If you have a DNS server configured in DHCP options, please make sure that it can resolve public FQDNs. The Aviatrix Controller depends on this service to run as designed and will run into unexpected problems if it cannot resolve publiic FQDNs
If you using AWS’s VPC DNS Service, please do make sure that “enableDnsSupport” is turned on - else, AWS will not provide DNS services in the VPC (https://docs.aws.amazon.com/vpc/latest/userguide/vpc-dns.html, https://docs.aws.amazon.com/glue/latest/dg/set-up-vpc-dns.html)
How can I increase the idle timeout when my Aviatrix Controller is deployed behind an ELB, to avoid frequent logins?¶
If the Aviatrix controller is behind an ELB, you can go to the AWS portal, Load Balancers page. Select the ELB that you use for the controller and Edit attributes to increase the Idle timeout. We recommend at least 360 seconds. The default is 60 seconds. Please check out https://docs.aws.amazon.com/elasticloadbalancing/latest/application/application-load-balancers.html#connection-idle-timeout for more information.

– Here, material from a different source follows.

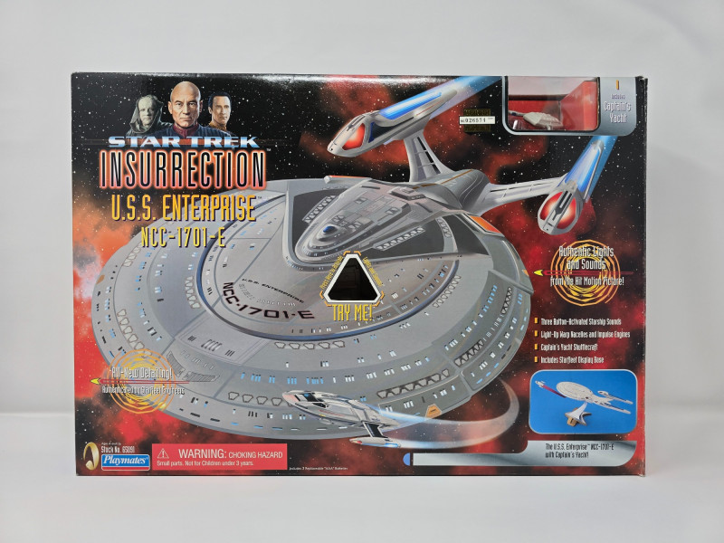 A cinematic collectible with light, sound, and shelf presence, this boxed U.S.S. Enterprise NCC-1701-E by Playmates Toys is a standout from the Star Trek: Insurrection line. Complete in original packaging and marked No. 026574, it features interactive elements and movie-authentic detailing. Features: Light-up warp nacelles and authentic starship sounds “Try Me” button accessible through packaging Sculpted with screen-accurate proportions and paintwork Packaging Highlights: Vivid illustration of the Enterprise-E in flight Portraits of Insurrection characters including Captain Jean-Luc Picard “Star Trek Insurrection” branding and promotional callouts Manufacturer: Playmates Toys, circa 1998 Condition: electronics untested

How can I move my controller from one AWS account to another AWS account¶
- Backup old controller configuration to an S3 bucket using these instructions. FileName created should look like: CloudN_xxx_config.enc
- In the target account, create a new controller, running the same Aviatrix Software Version as the old controller using these directions
- Build the “Trust-Relationship” between all gateway (AWS) accounts and new controller’s AWS account using these directions. NOTE: Make sure that you repeat this step for every gateway’s (AWS) account
- Login to new controller and run “Aviatrix Console/Settings/Maintenance/Backup&Restore/Restore” and enter AccessKey & SecretKey (which have the permissions to access the S3 bucket located in the same AWS account of your old controller), BucketName, FileName
- After restore process is finished, check that new controller can access/configure all the gateways from old controller.